Она закрывает глаза. Желтые искорки гаснут.
Я сразу чувствую, как жжет сквозь сетку угасающее пламя. Я оглядываюсь — три рода стоят кольцом, мужчины, женщины и дети. Ее дети. А она лежит у моих ног, ссохшаяся и неподвижная. От ее белой рубахи, от собранных на голове волос поднимается пар.
— Я не хотела. Она сама… Я не хотела, честное слово!
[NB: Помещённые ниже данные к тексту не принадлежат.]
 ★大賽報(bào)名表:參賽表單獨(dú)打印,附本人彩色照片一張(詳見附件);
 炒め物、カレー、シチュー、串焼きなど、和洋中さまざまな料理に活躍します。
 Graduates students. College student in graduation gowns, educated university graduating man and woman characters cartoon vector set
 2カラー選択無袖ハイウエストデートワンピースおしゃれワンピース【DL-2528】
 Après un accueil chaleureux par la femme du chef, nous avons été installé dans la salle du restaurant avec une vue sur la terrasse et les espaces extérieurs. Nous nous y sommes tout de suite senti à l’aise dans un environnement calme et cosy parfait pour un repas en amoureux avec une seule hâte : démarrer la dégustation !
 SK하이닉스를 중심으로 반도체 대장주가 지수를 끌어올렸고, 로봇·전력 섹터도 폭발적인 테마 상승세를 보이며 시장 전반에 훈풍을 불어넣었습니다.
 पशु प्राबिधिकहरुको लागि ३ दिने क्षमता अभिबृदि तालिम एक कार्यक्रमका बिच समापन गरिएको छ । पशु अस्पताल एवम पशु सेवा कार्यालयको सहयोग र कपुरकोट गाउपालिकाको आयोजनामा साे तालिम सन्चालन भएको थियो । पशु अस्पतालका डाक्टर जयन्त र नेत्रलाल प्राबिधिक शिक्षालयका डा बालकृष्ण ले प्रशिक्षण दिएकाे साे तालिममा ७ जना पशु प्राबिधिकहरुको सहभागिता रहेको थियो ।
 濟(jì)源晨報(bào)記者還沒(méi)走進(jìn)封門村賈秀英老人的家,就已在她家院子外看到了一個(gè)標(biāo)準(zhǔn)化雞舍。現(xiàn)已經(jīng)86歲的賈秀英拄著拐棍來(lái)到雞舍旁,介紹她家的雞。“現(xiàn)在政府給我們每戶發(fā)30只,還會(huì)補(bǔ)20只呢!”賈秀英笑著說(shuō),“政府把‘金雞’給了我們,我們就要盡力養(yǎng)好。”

Стоять на сетке невозможно. Не удержавшись, бегу к краю и спрыгиваю в снег — обожженные ступни обдает приятным холодом.
— Царь-мать умерла, — говорит знакомый голос за моей спиной. Я оборачиваюсь и вижу Головача.
— Теперь вы меня отпустите?
Нет ответа. Они смотрят на меня — все, как один, со странным выражением.
Тело Царь-матери над костром начинает странно подергиваться. Пар от него валит сильнее. Пламя под сеткой все разгорается, хотя его никто не раздувает и не подбрасывает дров.
— Заберите ее оттуда! Заберите же!
Я вскакиваю на сетку — но она жжется так, что устоять босыми ногами невозможно. Чужие руки хватают меня за плечи, за пояс, оттаскивают назад. Люди стоят, молча стоят, и смотрят. Белая рубаха Царь-матери на глазах чернеет. Сквозь бурые прорехи вырываются язычки пламени.
Она загорается разом вся — будто облитая маслом. Сноп огня — столб дыма — и тело распадается пеплом, и ветер подхватывает его, уносит — смерчем — в небо. Сетка над костром трескается и плавится — клочьями. Через минуту там, где шел поединок, остается лишь неглубокая яма и догорающие угли.
— Что она тебе сказала? — спрашивает Головач. Я сижу на травах в его землянке. В полной темноте. На этот раз Головач не делает поблажек и не зажигает для меня огонек.
— Она сказала «Ты победила».
— Что-нибудь еще?
— «Лана», — вспоминаю я.
— Лана… — шепотом повторяет Головач. — Что же… Она осталась верна себе.
— Что это значит?
Он усмехается в темноте.
— Ты любишь задавать вопросы, я знаю.
— Вы любили ее? — спрашиваю резко.
Он перестает смеяться.
— Да.
— Почему же вы ее не оплакиваете?
— Потом, Лана, потом. Сегодня ночью я уйду в лес и оплачу мою жену… Царь-мать… над телом косули. Или оленя. Тогда весь лес услышит, как я плачу.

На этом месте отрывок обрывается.